Health Equity Innovators Summit  ·  April 16, 2026

Poetry for
Possibility

An uplifting, low-pressure creative writing workshop designed to refresh the mind and reconnect us to imagination, voice, and possibility. Come as you are. No writing experience needed.

Pause. Breathe. Write.

Together, we'll read and reflect on a small selection of poems by Audre Lorde, Joy Harjo, and Sally Wen Mao, and explore how poetry can open new ways of thinking about care, community, resilience, and the futures we hope to build.

After a brief poetry reading and discussion, you'll be guided through a simple writing prompt designed to spark creativity and personal reflection in a supportive environment. This session invites you to leave feeling more inspired, energized, and expansive.

A small selection

Read, sit with, and return to these as often as you like.

A Litany for Survival

Audre Lorde

For those of us who live at the shoreline standing upon the constant edges of decision crucial and alone for those of us who cannot indulge the passing dreams of choice who love in doorways coming and going in the hours between dawns looking inward and outward at once before and after seeking a now that can breed futures like bread in our children's mouths so their dreams will not reflect the death of ours;
For those of us who were imprinted with fear like a faint line in the center of our foreheads learning to be afraid with our mother's milk for by this weapon this illusion of some safety to be found the heavy-footed hoped to silence us For all of us this instant and this triumph We were never meant to survive.
And when the sun rises we are afraid it might not remain when the sun sets we are afraid it might not rise in the morning when our stomachs are full we are afraid of indigestion when our stomachs are empty we are afraid we may never eat again when we are loved we are afraid love will vanish when we are alone we are afraid love will never return and when we speak we are afraid our words will not be heard nor welcomed but when we are silent we are still afraid
So it is better to speak remembering we were never meant to survive.

Remember

Joy Harjo

Remember the sky that you were born under, know each of the star's stories.
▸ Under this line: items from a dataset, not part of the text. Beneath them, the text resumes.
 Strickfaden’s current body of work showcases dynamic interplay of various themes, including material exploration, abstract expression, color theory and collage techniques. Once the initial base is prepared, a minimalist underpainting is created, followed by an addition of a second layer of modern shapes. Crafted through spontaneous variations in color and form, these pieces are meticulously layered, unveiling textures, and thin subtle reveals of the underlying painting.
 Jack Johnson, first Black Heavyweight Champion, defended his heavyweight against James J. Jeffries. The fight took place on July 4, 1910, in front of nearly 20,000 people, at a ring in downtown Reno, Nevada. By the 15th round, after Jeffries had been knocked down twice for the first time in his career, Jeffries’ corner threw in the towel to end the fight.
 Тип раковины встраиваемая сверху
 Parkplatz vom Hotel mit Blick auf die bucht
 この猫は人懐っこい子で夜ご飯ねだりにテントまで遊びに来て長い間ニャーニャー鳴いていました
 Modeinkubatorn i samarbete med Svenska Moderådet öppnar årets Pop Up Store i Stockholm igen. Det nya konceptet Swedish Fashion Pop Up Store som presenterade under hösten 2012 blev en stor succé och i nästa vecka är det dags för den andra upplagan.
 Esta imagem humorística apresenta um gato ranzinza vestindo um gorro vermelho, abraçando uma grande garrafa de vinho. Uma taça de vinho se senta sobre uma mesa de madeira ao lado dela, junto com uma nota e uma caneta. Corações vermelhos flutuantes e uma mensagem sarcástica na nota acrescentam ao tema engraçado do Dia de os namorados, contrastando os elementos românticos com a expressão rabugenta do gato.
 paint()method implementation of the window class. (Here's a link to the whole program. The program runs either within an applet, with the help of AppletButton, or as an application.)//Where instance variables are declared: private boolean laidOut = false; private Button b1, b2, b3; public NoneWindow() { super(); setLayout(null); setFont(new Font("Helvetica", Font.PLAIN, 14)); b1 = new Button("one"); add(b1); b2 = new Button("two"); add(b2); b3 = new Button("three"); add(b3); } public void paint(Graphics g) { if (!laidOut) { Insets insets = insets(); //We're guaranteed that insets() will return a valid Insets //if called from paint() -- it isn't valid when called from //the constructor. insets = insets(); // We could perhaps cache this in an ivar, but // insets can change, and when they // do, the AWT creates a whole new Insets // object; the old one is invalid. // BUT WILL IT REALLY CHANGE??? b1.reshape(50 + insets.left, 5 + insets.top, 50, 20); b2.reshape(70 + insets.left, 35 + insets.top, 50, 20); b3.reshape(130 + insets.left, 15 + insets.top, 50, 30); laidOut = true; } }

Remember the moon, know who she is. Remember the sun's birth at dawn, that is the strongest point of time. Remember sundown and the giving away to night. Remember your birth, how your mother struggled to give you form and breath. You are evidence of her life, and her mother's, and hers. Remember your father. He is your life, also. Remember the earth whose skin you are: red earth, black earth, yellow earth, white earth brown earth, we are earth. Remember the plants, trees, animal life who all have their tribes, their families, their histories, too. Talk to them, listen to them. They are alive poems. Remember the wind. Remember her voice. She knows the origin of this universe. Remember you are all people and all people are you. Remember you are this universe and this universe is you. Remember all is in motion, is growing, is you. Remember language comes from this. Remember the dance language is, that life is. Remember.

Occidentalism

Sally Wen Mao

A man celebrates erstwhile conquests, his book locked in a silo, still in print.
I scribble, make Sharpie lines, deface its text like it defaces me. Outside, grain
fields whisper. Marble lions are silent yet silver-tongued, with excellent teeth.
In this life I have worshipped so many lies. Then I workshop them, make them better.
An East India Company, an opium trade, a war, a treaty, a concession, an occupation,
a man parting the veil covering a woman's face, his nails prying her lips open. I love
the fragility of a porcelain bowl. How easy it is, to shatter chinoiserie, like the Han
dynasty urn Ai Weiwei dropped in 1995. If only recovering the silenced history
is as simple as smashing its container: book, bowl, celadon spoon. Such objects cross
borders the way our bodies never could. Instead, we're left with history, its blonde
dust. That bowl is unbreakable. All its ghosts still shudder through us like small breaths.
The tome of hegemony lives on, circulates in our libraries, in our bloodstreams. One day,
a girl like me may come across it on a shelf, pick it up, read about all the ways her body
is a thing. And I won't be there to protect her, to cross the text out and say: go ahead—
rewrite this.

Choose what calls to you

Pick whichever prompt feels most alive to you right now. There is no right answer, no correct form. Write for yourself.

Prompt one

Begin with: "May she never again…"
and then later pivot to: "May she always…"

Prompt two

Write about a form of care that changed you.

It can be clinical, communal, familial, or unexpected.

Prompt three

Write a letter to your body in 20 years.